Speaker "Adem Efe Gencer" Details Back



Cruise Control: Effortless management of Kafka clusters


With the widespread adoption from the community, Kafka has become the de facto data streaming platform in the industry. A critical task induced by the increasing adoption involves addressing the challenges in managing this system. In particular, the growing scale made manually identifying, tracking, and mitigating issues with unhealthy cluster components and logical entities infeasible. Moreover, the imbalance of resource utilization across brokers led to unpredictable client performance due to high variation in the throughput and latency they observe. Finally, expanding, shrinking, or upgrading clusters also incurred a significant management overhead. Hence, it became clear that adopting a principled approach to manage Kafka clusters is integral to the sustainability of our infrastructure. This talk will describe how LinkedIn alleviates the management overhead of large-scale Kafka clusters using Cruise Control.

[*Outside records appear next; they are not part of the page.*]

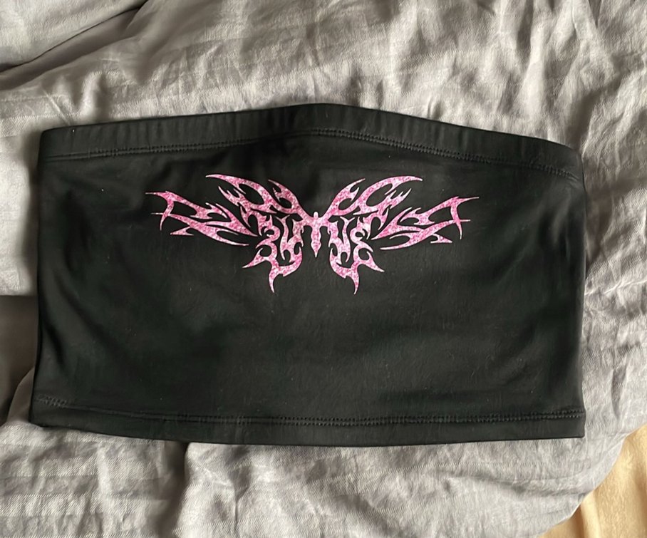 Siyah Gotik Straplez Baskılı Büstiyer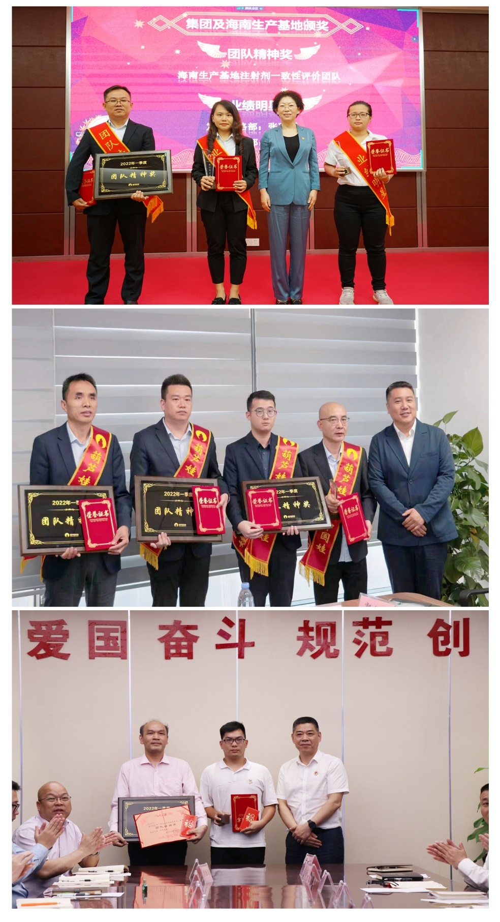 为了表彰在2022年一季度“深化变革,赢得开门红”工作中“超额完成计划、超出本职工作或超越组织预期”的先进集体和优秀个人,会议期间还举行了乐天使药业集团2022年一季度“开门红”表彰颁奖仪式。营销中心葫芦世家事业部湖南区域主管黄子杰等12人荣获业绩明星奖,葫芦世家事业部等5个集体荣获团队精神奖。
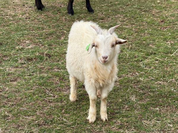 Four left - One female white type C (brush/pull out Cashmere like fiber) and three wethers, white, type A (must be sheared, with a mohair quality)

To this end, first, we will discuss the reactive and proactive techniques that Cruise Control uses to support admin operations for cluster maintenance, enable anomaly detection with self-healing, and provide real-time monitoring for Kafka clusters. Next, we will examine how Cruise Control performs in live production deployments. Finally, we will conclude with questions and further discussion.
Who is this presentation for?
Kafka users, distributed systems developers, reliability engineers, and researchers interested in scalability, performance, reliability, and fault tolerance issues
Prerequisite knowledge:
A basic understanding of distributed system concepts (partitioning, replication, rack awareness, etc.)
What you'll learn?
Learn how Cruise Control achieves automated management of large-scale Kafka clusters to provide reactive and proactive mitigation via anomaly detection with self-healing, dynamic load balancing on heterogeneous clusters, and admin operations for cluster maintenance


Adem Efe Gencer develops Apache Kafka and the ecosystem around it, and supports their operation at LinkedIn. In particular, he works on the design, development, and maintenance of Cruise Control, a system for alleviating the management overhead of large-scale Kafka clusters. He holds a PhD in computer science from Cornell University, where his research has focused on improving the scalability of blockchain technologies.